Use one of these and name it explicitly in each table:

- Baseline A: Straight `hipify-clang` output with minimal manual edits.
- Baseline B: Existing hand-written HIP version from the team.

Recommended: use Baseline A for measuring migration automation value.

Quick answer format for live review:

- Q: What is your baseline?
- A: Straight hipify output with minimal compile edits (Baseline A), measured on the same hardware and inputs.

## Required Environment Metadata

Always include:

- GPU model (for example MI300X) and memory size.
- ROCm version, compiler version, and profiler version.
- OS and driver versions.
- Kernel launch parameters and input sizes.
- Number of runs and aggregation rule (median recommended).

## Required Measurement Fields

For each kernel tested, provide:

- Kernel name and workload shape.
- Baseline latency.
- Optimized latency.
- Speedup ratio.
- Correctness status (pass/fail and checksum or tolerance).
- Notes on optimization strategy.

Example table format:

| Kernel | Shape | Baseline (ms) | Optimized (ms) | Speedup | Correctness | Notes |
|---|---|---:|---:|---:|---|---|
| matrix_multiply | 1024x1024 | 12.4 | 9.5 | 1.31x | pass | LDS tiling + wavefront-aware launch |

Include non-win cases in the same table. Example:

| Kernel | Shape | Baseline (ms) | Optimized (ms) | Speedup | Correctness | Notes |
|---|---|---:|---:|---:|---|---|
| sparse_scatter | 4M elements | 6.0 | 6.3 | 0.95x | pass | Irregular access pattern; optimization did not help |

## Reproducibility Checklist

Before publishing numbers, verify all items:

- Same input set for baseline and optimized runs.
- Warm-up runs excluded or consistently handled.
- At least 3 measured runs (prefer 5+) with median reported.
- No hidden manual edits after optimization output unless documented.
- Full command lines and profiler artifacts retained.

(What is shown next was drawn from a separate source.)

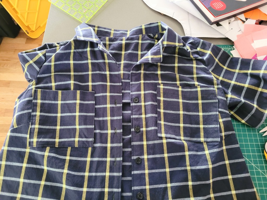 The Gilbert Top is a fairly relaxed camp collar shirt with a back yoke and an optional pocket. There are two main views offered (although lots of aforementioned hacks on Helen’s blog) and for this shirt I decided to make the short-sleeved version with the straight hem, so a mix of views A and B. I also opted to add two pockets as I thought one would look a little uneven on this view. I didn’t even attempt to pattern match the pockets as I usually have to experiment to find the ideal placement the first time I make a shirted pocket, but one of them ended up matching exactly – completely coincidentally! So now it looks as though I only made one, but there are actually two there, haha (see below for proof). In fact, I like the look of a pocket, so I don’t even always want to pattern-match them.

## Evidence Package for Review

A technical review package should include:

- CUDA source input.
- Baseline HIP output.
- Optimized HIP output.
- Compile logs and profiler summaries.
- Final report explaining what changed and why.

## Interpreting Results Responsibly

- Some kernels will regress or fail initially; this is normal for migration.
- Improvement ranges vary by memory behavior, occupancy, and control-flow patterns.
- Do not claim universal speedups.

Preferred claim style:

"ROCmPort AI improved X out of Y tested kernels against a stated baseline under reproducible MI300X conditions."

## Current Repository Status

The repository includes demo kernels intended to exercise migration behavior.
Treat any sample numbers as demonstrations unless accompanied by full reproducibility artifacts from your environment.